* TASK TO COMPLETE
Only those lines in the data below from the line containing "全省公安機關黨風廉政建設暨深" through the line containing "Pada percobaan di", both included, should be restated word for word.

──────── INFORMATION PROVIDED

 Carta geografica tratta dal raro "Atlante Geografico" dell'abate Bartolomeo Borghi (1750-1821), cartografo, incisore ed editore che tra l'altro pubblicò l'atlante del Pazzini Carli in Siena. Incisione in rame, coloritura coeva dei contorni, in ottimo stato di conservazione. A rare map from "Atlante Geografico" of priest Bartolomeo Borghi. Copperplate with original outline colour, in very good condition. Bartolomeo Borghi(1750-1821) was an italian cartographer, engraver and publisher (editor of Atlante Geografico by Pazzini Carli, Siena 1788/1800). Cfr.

────────────────
──────── INFORMATION PROVIDED

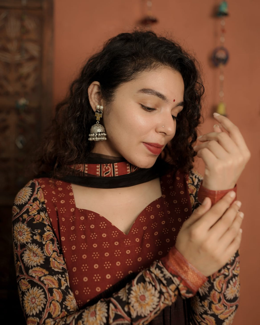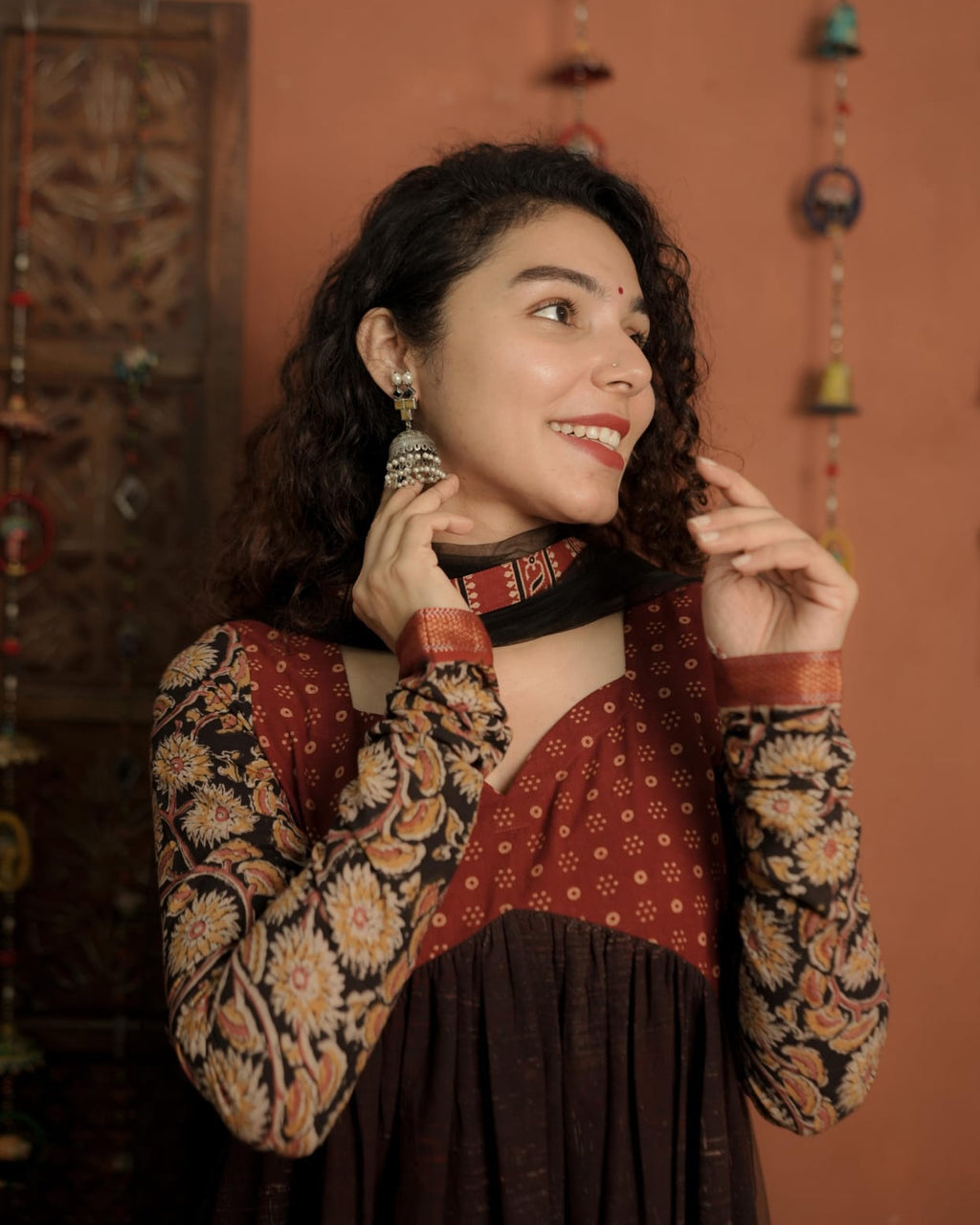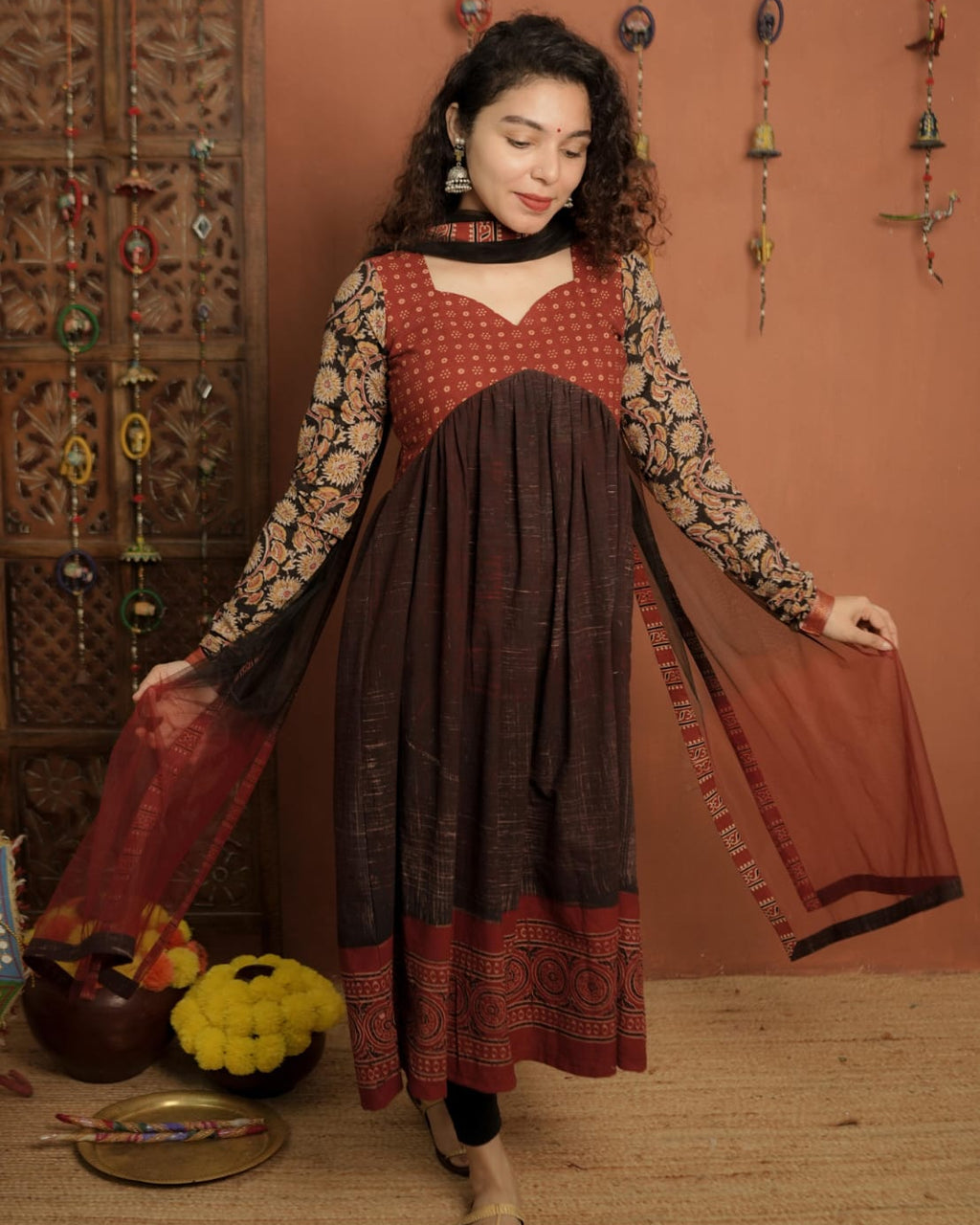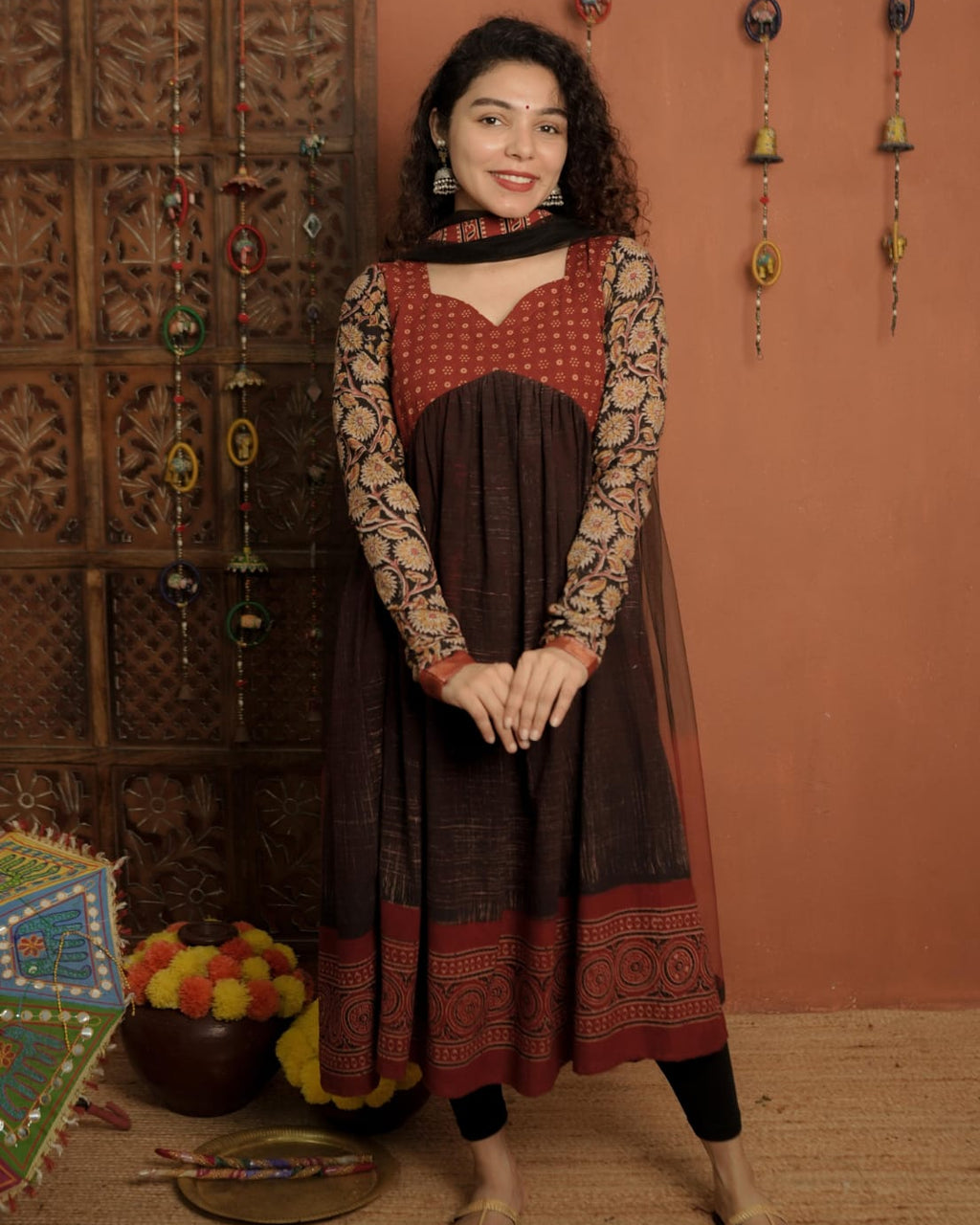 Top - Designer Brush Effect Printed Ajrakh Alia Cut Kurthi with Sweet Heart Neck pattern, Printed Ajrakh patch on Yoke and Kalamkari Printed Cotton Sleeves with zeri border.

────────────────
──────── INFORMATION PROVIDED

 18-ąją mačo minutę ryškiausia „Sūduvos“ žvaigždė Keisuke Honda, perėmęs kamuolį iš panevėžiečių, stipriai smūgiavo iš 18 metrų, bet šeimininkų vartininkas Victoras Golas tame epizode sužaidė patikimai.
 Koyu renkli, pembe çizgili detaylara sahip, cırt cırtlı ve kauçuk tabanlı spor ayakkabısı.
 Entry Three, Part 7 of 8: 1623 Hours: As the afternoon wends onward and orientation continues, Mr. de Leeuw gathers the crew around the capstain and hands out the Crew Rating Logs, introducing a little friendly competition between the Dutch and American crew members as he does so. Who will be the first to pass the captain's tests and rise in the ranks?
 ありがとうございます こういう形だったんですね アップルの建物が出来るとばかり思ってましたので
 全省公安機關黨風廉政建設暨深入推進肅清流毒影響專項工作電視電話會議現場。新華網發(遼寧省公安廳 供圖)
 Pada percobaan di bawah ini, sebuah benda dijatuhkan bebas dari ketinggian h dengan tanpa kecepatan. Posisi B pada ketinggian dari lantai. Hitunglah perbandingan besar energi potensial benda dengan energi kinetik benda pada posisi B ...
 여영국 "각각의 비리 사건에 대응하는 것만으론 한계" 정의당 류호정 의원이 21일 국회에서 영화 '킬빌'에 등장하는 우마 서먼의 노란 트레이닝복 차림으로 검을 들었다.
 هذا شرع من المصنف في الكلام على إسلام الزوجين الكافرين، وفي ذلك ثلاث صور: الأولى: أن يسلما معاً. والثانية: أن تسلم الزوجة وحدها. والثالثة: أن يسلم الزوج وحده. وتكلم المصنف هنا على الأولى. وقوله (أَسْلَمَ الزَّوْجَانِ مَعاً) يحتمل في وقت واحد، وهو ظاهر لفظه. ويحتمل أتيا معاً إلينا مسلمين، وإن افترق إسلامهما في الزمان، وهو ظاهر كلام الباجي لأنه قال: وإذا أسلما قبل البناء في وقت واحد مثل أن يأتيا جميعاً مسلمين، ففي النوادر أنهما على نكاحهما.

────────────────

* SOLVED EXERCISE
 全省公安機關黨風廉政建設暨深入推進肅清流毒影響專項工作電視電話會議現場。新華網發(遼寧省公安廳 供圖)
 Pada percobaan di bawah ini, sebuah benda dijatuhkan bebas dari ketinggian h dengan tanpa kecepatan. Posisi B pada ketinggian dari lantai. Hitunglah perbandingan besar energi potensial benda dengan energi kinetik benda pada posisi B ...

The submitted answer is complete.